It’s virtually impossible to get an exact number, but the point is to be realistic and demonstrate to potential investors that there is room for growth. Note that it is easy, really easy, especially as an optimistic founder to get carried away with the early projections. Take a step back and review your approach. Your pitch will be far more compelling if your numbers are backed by a sound, well-rounded estimate.
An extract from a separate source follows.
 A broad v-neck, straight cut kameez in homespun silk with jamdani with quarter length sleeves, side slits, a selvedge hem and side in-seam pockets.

Great Salespeople are Top Managers are Great Salespeople
It can happen that founders are product geniuses, but the best entrepreneurs and top CEOs are effectively really fantastic salespeople. The early stages of a company involve constant efforts to raise money. That’s a game of relationships, credibility, presentation, and integrity.
You can fail quite a few times at launching a venture, in fact, it can kind of be expected, but do something that tanks your reputation and destroys your integrity? You’ll be on your own. Now, if you’re well-connected and have lots of capital around you, the rules may be different, but for the average person, integrity is all they have.
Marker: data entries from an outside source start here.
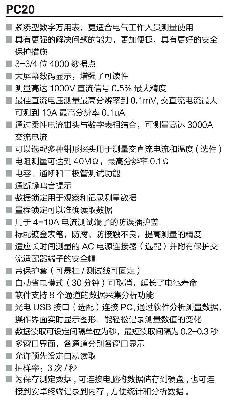 Sanwa Pc20 Imported High-Precision Compact Digital Multimeter with Automatic Range and USB Communication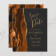 A borda esquerda deste elegante casamento moderno salve o cartão de data apresenta uma borda agitada de cor laranja queimada, aparada com falsa brilho dourado. O texto personalizável combina manuscrito dourado, fontes em copperplate e itálico em um fundo preto de ardósia escura. O verso apresenta uma design de cor laranja queimada e dourada.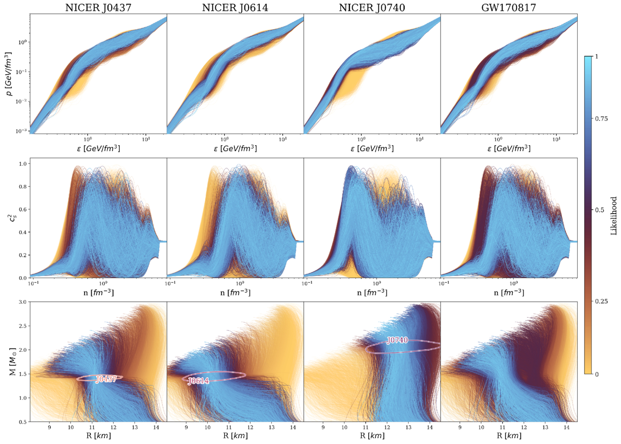 A sample of EoSs, colored according to the likelihood functions derived from various individual X-ray and gravitational-wave observations. NICER J0437 corresponds to the simultaneous mass–radius measurement of PSR J0437-4715 from D. Choudhury et al. (2024), NICER J0614 to that of PSR J0614-3329 from L. Mauviard et al. (2025), NICER J0740 to that of PSR J0740+6620 from A. J. Dittmann et al. (2024), and GW170817 to the gravitational-wave observations reported in B. P. Abbott et al. (2019). The prior used here is the hierarchical model discussed in Section 4. The contours in the lowest panel represent the 68% credible regions of the corresponding NICER observations.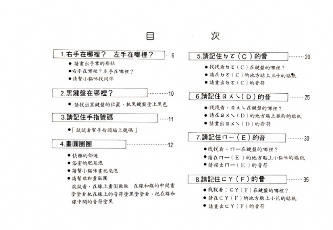 所以,在指導這個階段的孩子認識五線譜時,要使孩子產生興趣並且容易理解,而能夠自動自發的學習;作者等下了許多功夫,研究出來最有效的方法是運用音符貼紙及音符卡片來引起學習的興趣。

It seems more and more of a forgotten thing in our world of marketing, public relations, performative-ness, but transparency builds trust. Especially in crisis management. In 1994, Andy Grove, then CEO of Intel, found out about a design issue (calculation error) that would compromise a small portion of Pentium processors. He was transparent, issued a recall, and it cost half a billion to the company, but the publicity it gave Intel - not a super well-known company by the general public at the time - shined a favourable light and painted the brand as trustworthy. Frankly, it’s probably the most important marketing campaign in semiconductor history.
Other companies understand this principle and make an effort to be transparent as well. In a competitive landscape, these details and such transparency let investors and customers feel more comfortable doing business or taking a risk with the underlying business and that makes for better brand loyalty and long-term, translates to shareholder value. Salesforce brands itself as a trusted partner and discloses outages here.
Be transparent in business. Especially as a founder, don’t undersell, but be transparent with the risks of the product or service you’re selling. Fairly early in your meeting with a potential client, unless there’s a confidentiality issue at play, present your risk, it establishes trust and transparency, and if your product isn’t worth the risk for the returns then it likely won’t sell, and you need a better or different product anyway. To address the issue early is an opportunity to show the value add while also being upfront and trustworthy. The world is smaller than you think; your reputation will follow you so don’t close any doors you haven’t encountered by compromising your values for a chance at money.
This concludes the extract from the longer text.